• [WHAT YOU SHOULD DO] All that is needed is an exact copy of the lines from the beginning of the data below through the line containing "The VAE was", minus the pictures.

⟨

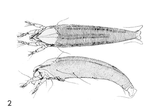 The mite vector, Abacarus hystrix, dorsal and lateral views. The adult mites are about 250 µm long (Keifer, 1952).
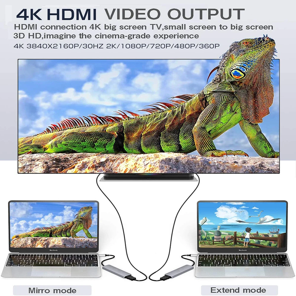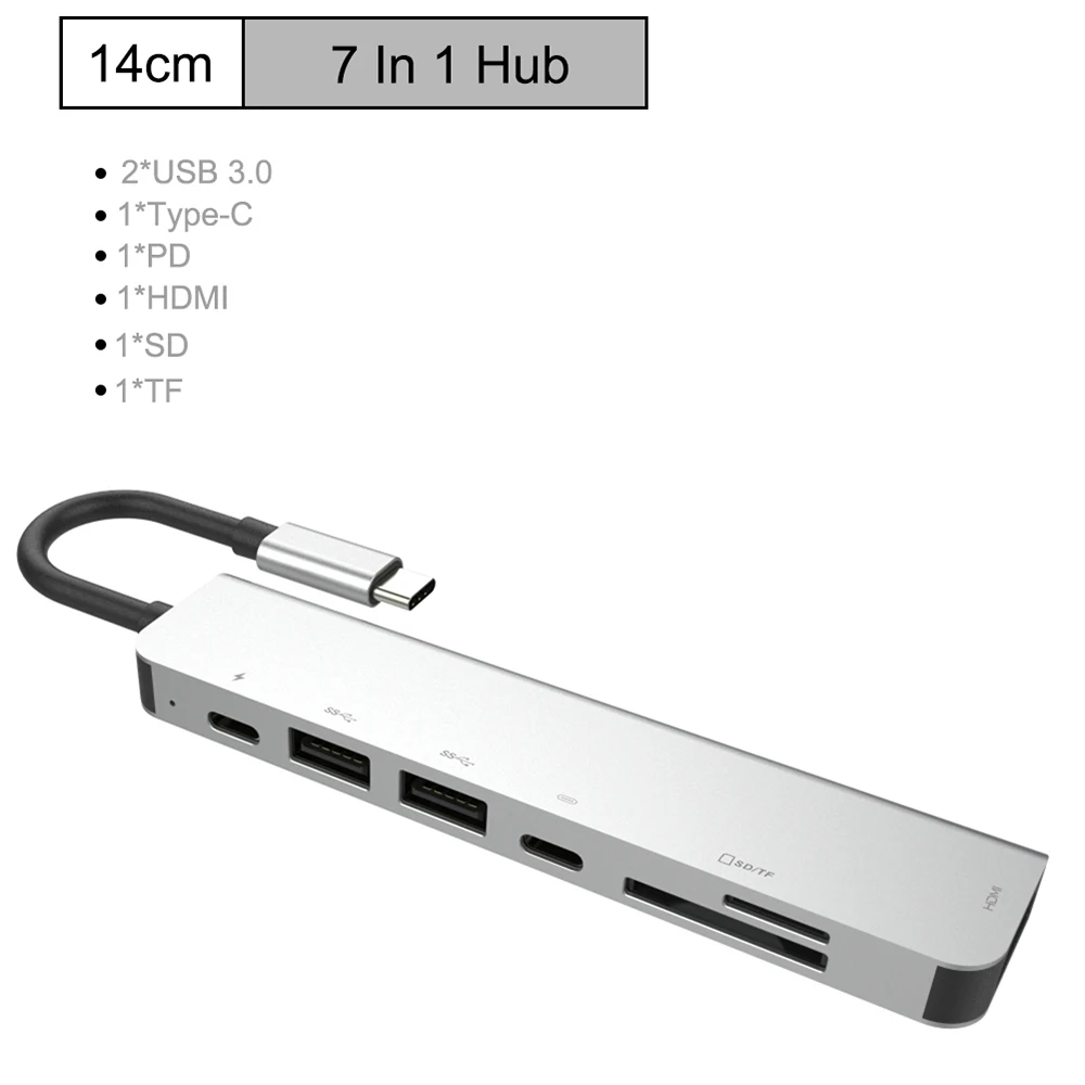 Характеристики:Материал: алюминиевый сплавЦвет: серебристый/серыйРабочая температура: 40-45 °Интерфейс:> Разъем USB 3,1 Type-C> USB 3,1 Type-C порт для зарядки> Только порт передачи данных USB C> Порт USB 3.0 Type-A> Выходной порт HDMI> Слот для tf-карты
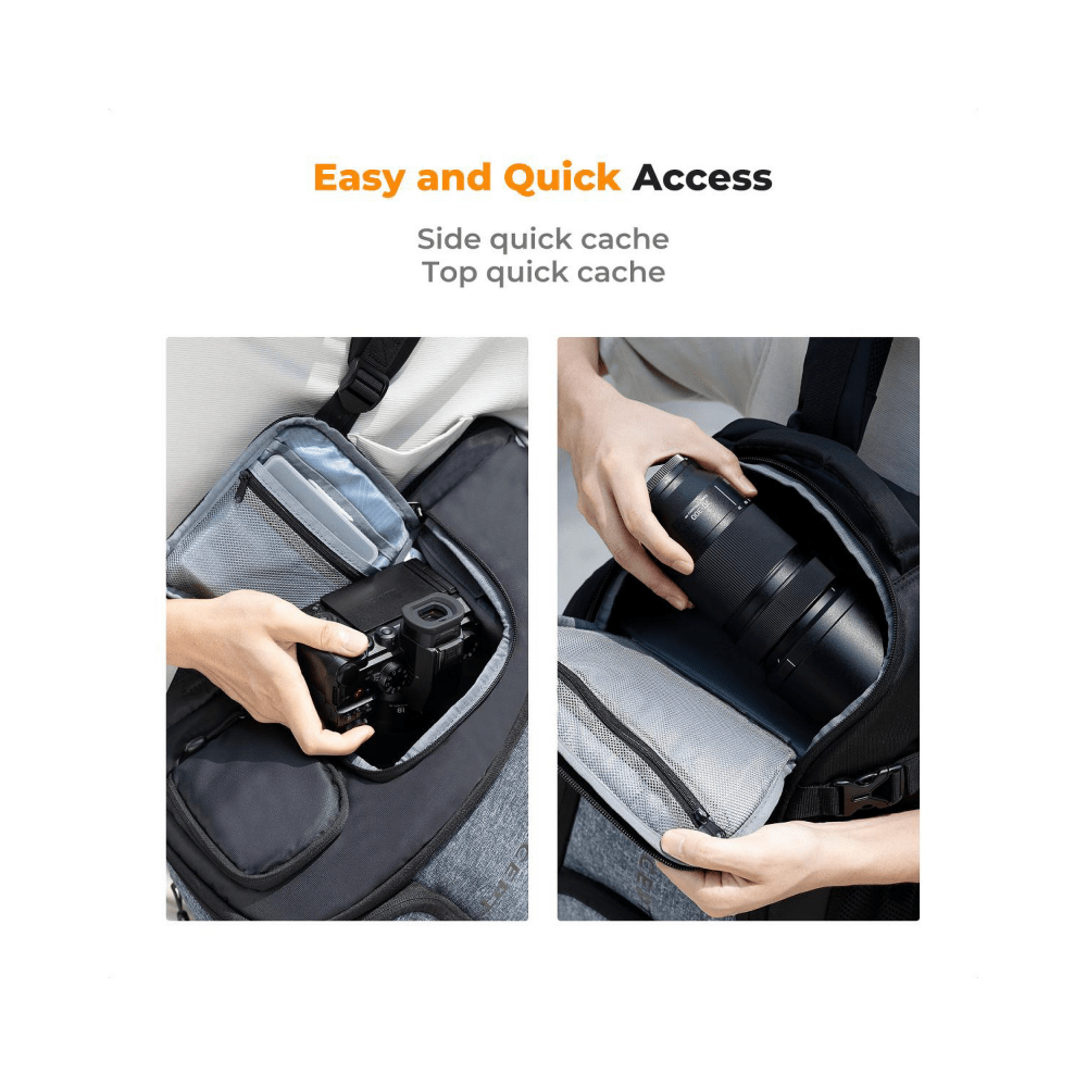 Vždy pripravený: Vďaka inovatívnemu bočnému prístupu máte fotoaparáty a príslušenstvo vždy na dosah, čo vám umožní rýchlo reagovať na každú príležitosť. Okrem toho možnosť úplne otvoriť prednú časť batohu zabezpečuje rýchly a pohodlný prístup k všetkému vášmu vybaveniu.
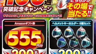 SNS応募の懸賞【毎日・X懸賞】Amazonギフト券555円分、ヘルメットキーホルダー6種セットが合計400名様にその場で当たる!
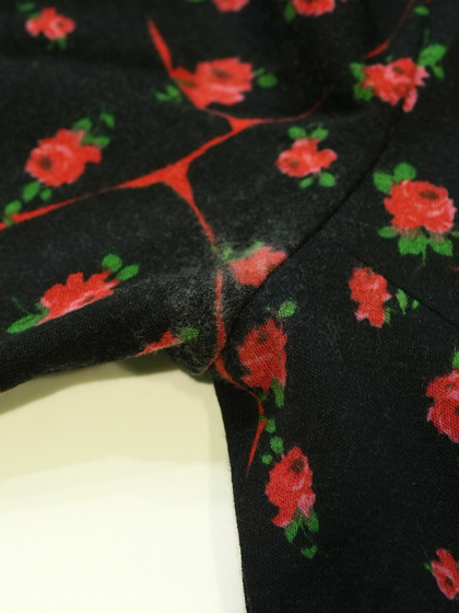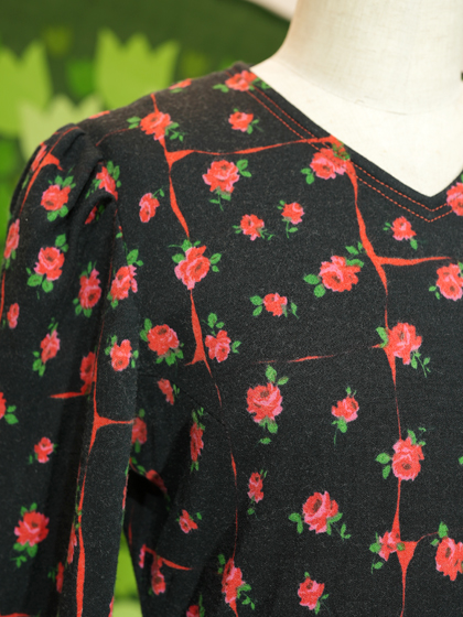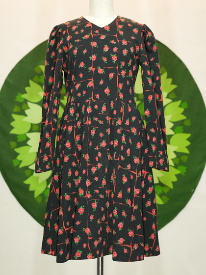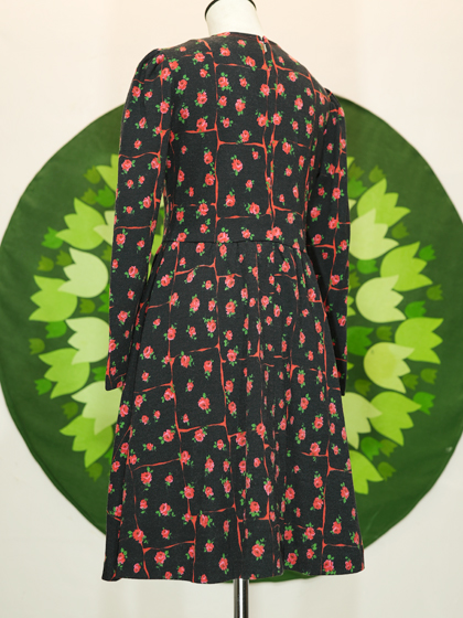 黒地に赤の薔薇と格子柄Vネックワンピースです。
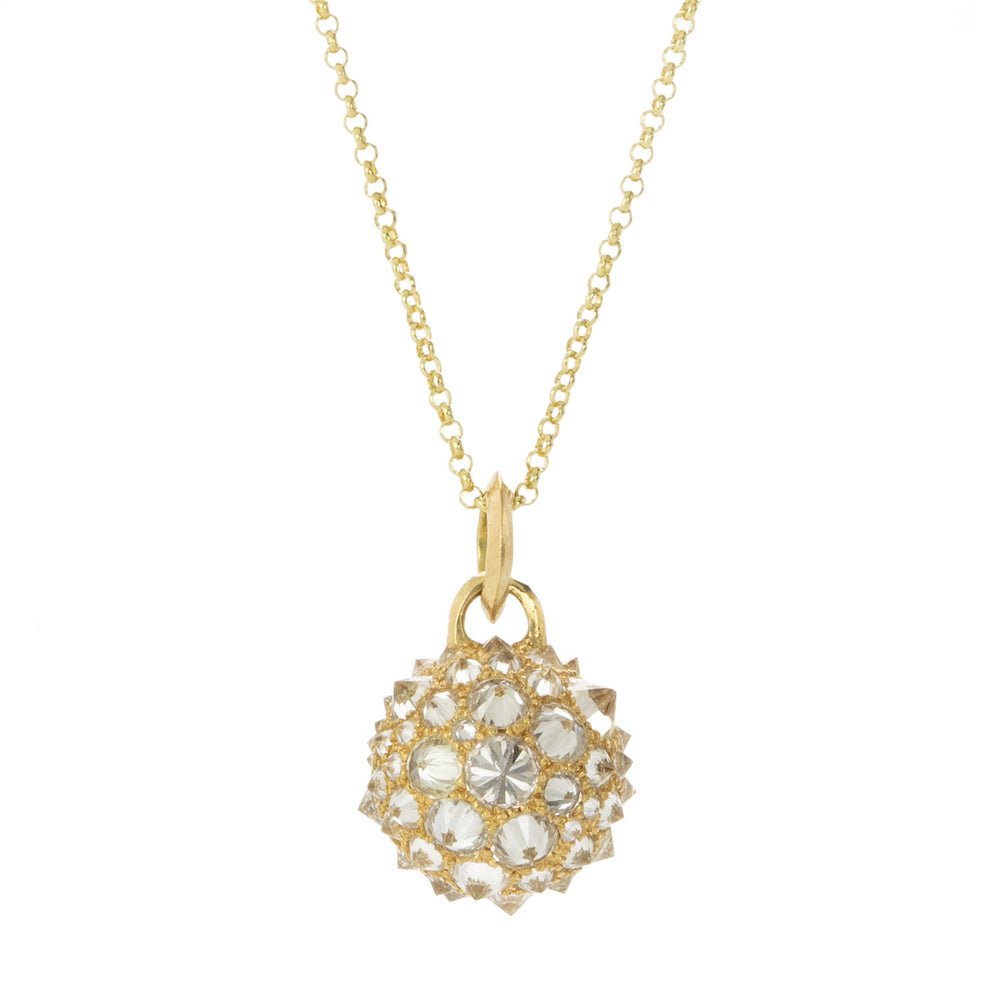 Sparkle with the light of a million suns in this breathtaking pendant from Tamsin Rasor. An 18k yellow gold orb charm is covered with inverted white diamonds totaling 3.60cttw. This luxurious show piece beams with fiery magic and hangs from an elegant knife edge bail. Charm length measures 5/8" including bail. Pendant only, chain is sold separately. Handcrafted in New York, NY, U.S.
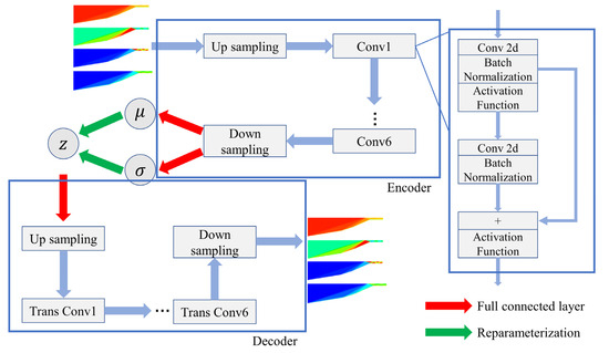 The VAE was originally proposed by Kingma et al. [28]. In this paper, the VAE model is built with reference to the method in [17], i.e., the residual blocks are used to build the encoder and decoder to increase the depth of the neural network and, thus, enhance the feature extraction capability of the VAE.
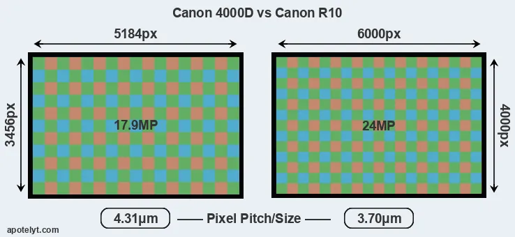 | Sensor Specs | Canon 4000D | Canon R10 |
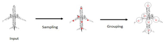 Basically, due to the inherent unstructuredness of point clouds, local structure modeling is based on three basic operations: sampling, grouping, and a mapping function. The mapping function is usually approximated by a multilayer perceptron (MLP) which maps the features of the nearest neighbor points into a feature representation that encodes higher-level information; see Figure 7. These operations are briefly explained before reviewing the various approaches.
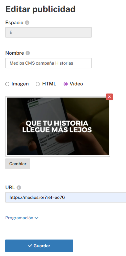 Disponibilidad: Esta función depende de tu plan actual; puedes verificar si tienes acceso a "Video Ads" en la tabla de planes: https://medios.io/precios
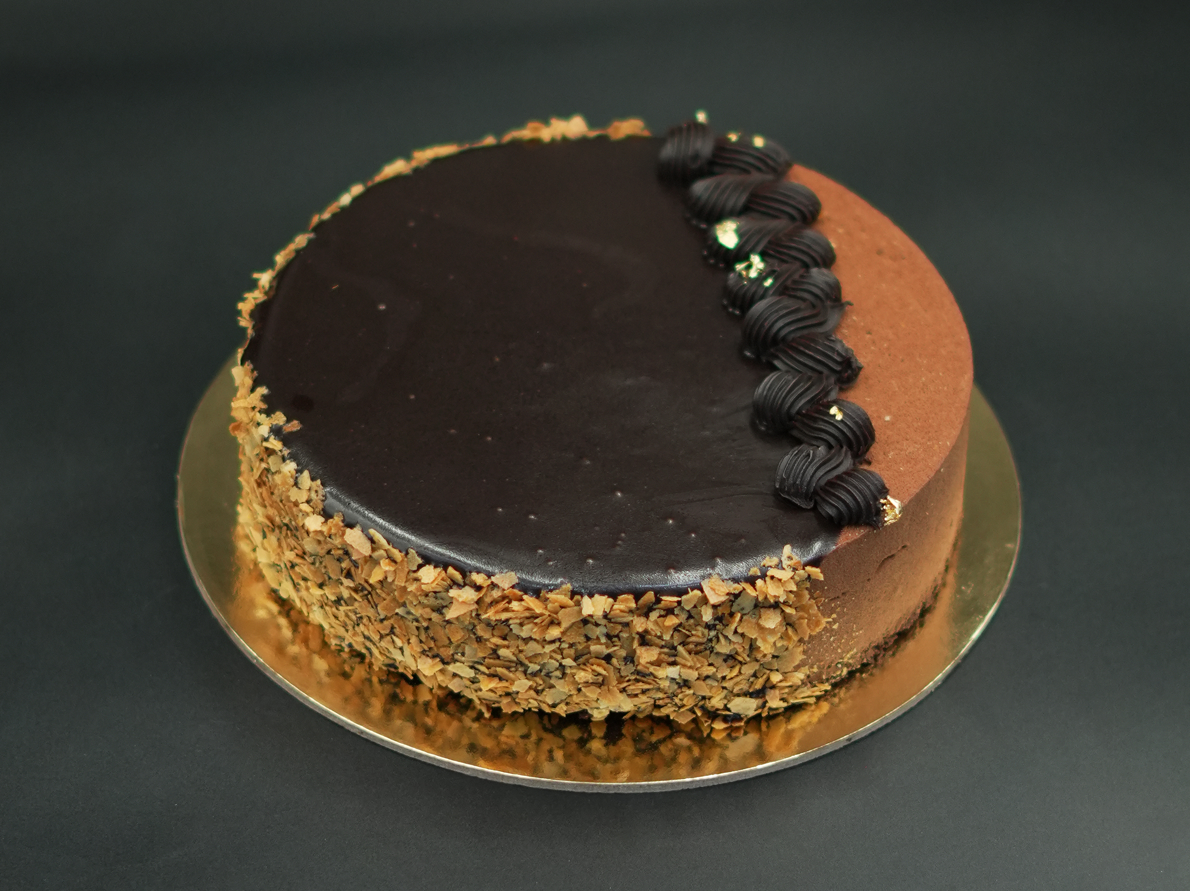 A cake with a rich chocolate flavor and a crunchy texture.
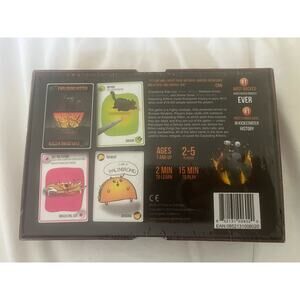 For sale is a brand new, factory-sealed copy of the original “Exploding Kittens” card game! This hilarious and strategic card game is perfect for 2-5 players, ages 7 and up, with a playtime of 15 minutes. Designed by Elan Lee, Matthew Inman, and Shane Small, this game became the most-backed Kickstarter project in history, featuring quirky cards with tacos, lasers, and sometimes goats!
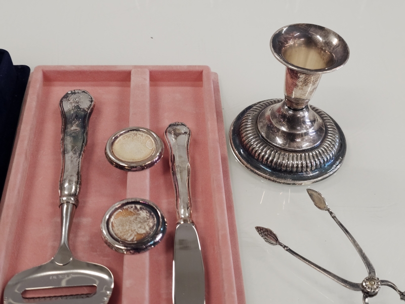 #1131 Erä hopeaa: Chippendale -ottimia, kynttilänjalka ja juustonapit + hopeoidut pihdit
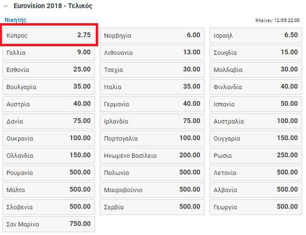 Την Πέμπτη (10/5) η απόδοση της Κύπρου έπεσε κι άλλο! Αυτή τη στιγμή, μια ενδεχόμενη νίκη της 31χρονης τραγουδίστριας δίνει 2.75 στο Stoiximan.gr την ώρα που δεύτερη έρχεται η Νορβηγία του Αλεξάντερ Ρίμπακ με απόδοση 6.00.
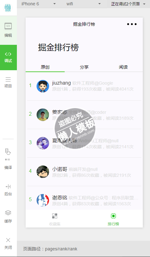 模板简介:该模板名称为【微信小程序掘金收藏集简单示例demo完整源码下载】,大小是,文档格式为.,推荐使用打开,作品中的图片,文字等数据均可修改,图片请在作品中选中图片替换即可,文字修改直接点击文字修改即可,您也可以新增或修改作品中的内容,该模板来自用户分享,如有侵权行为请联系网站客服处理。欢迎来懒人模板【资讯阅读】栏目查找您需要的精美模板。
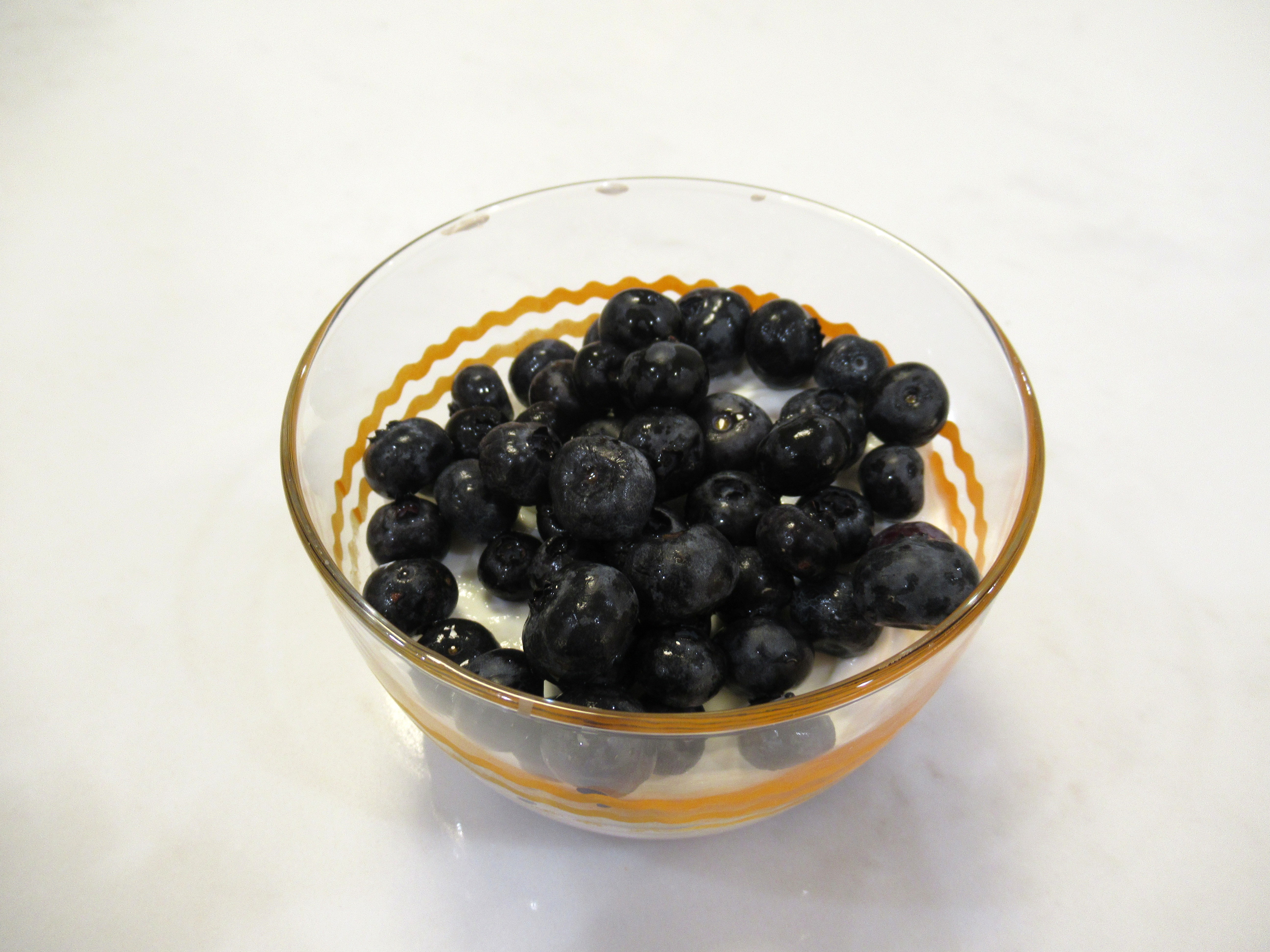 A good skyr bowl with Crofter’s blueberry jam, Olyra blueberry bites, and fresh blueberries.

⟩

• [EXPECTED ANSWER]
 The mite vector, Abacarus hystrix, dorsal and lateral views. The adult mites are about 250 µm long (Keifer, 1952).
 Характеристики:Материал: алюминиевый сплавЦвет: серебристый/серыйРабочая температура: 40-45 °Интерфейс:> Разъем USB 3,1 Type-C> USB 3,1 Type-C порт для зарядки> Только порт передачи данных USB C> Порт USB 3.0 Type-A> Выходной порт HDMI> Слот для tf-карты
 Vždy pripravený: Vďaka inovatívnemu bočnému prístupu máte fotoaparáty a príslušenstvo vždy na dosah, čo vám umožní rýchlo reagovať na každú príležitosť. Okrem toho možnosť úplne otvoriť prednú časť batohu zabezpečuje rýchly a pohodlný prístup k všetkému vášmu vybaveniu.
 SNS応募の懸賞【毎日・X懸賞】Amazonギフト券555円分、ヘルメットキーホルダー6種セットが合計400名様にその場で当たる!
 黒地に赤の薔薇と格子柄Vネックワンピースです。
 Sparkle with the light of a million suns in this breathtaking pendant from Tamsin Rasor. An 18k yellow gold orb charm is covered with inverted white diamonds totaling 3.60cttw. This luxurious show piece beams with fiery magic and hangs from an elegant knife edge bail. Charm length measures 5/8" including bail. Pendant only, chain is sold separately. Handcrafted in New York, NY, U.S.
 The VAE was originally proposed by Kingma et al. [28]. In this paper, the VAE model is built with reference to the method in [17], i.e., the residual blocks are used to build the encoder and decoder to increase the depth of the neural network and, thus, enhance the feature extraction capability of the VAE.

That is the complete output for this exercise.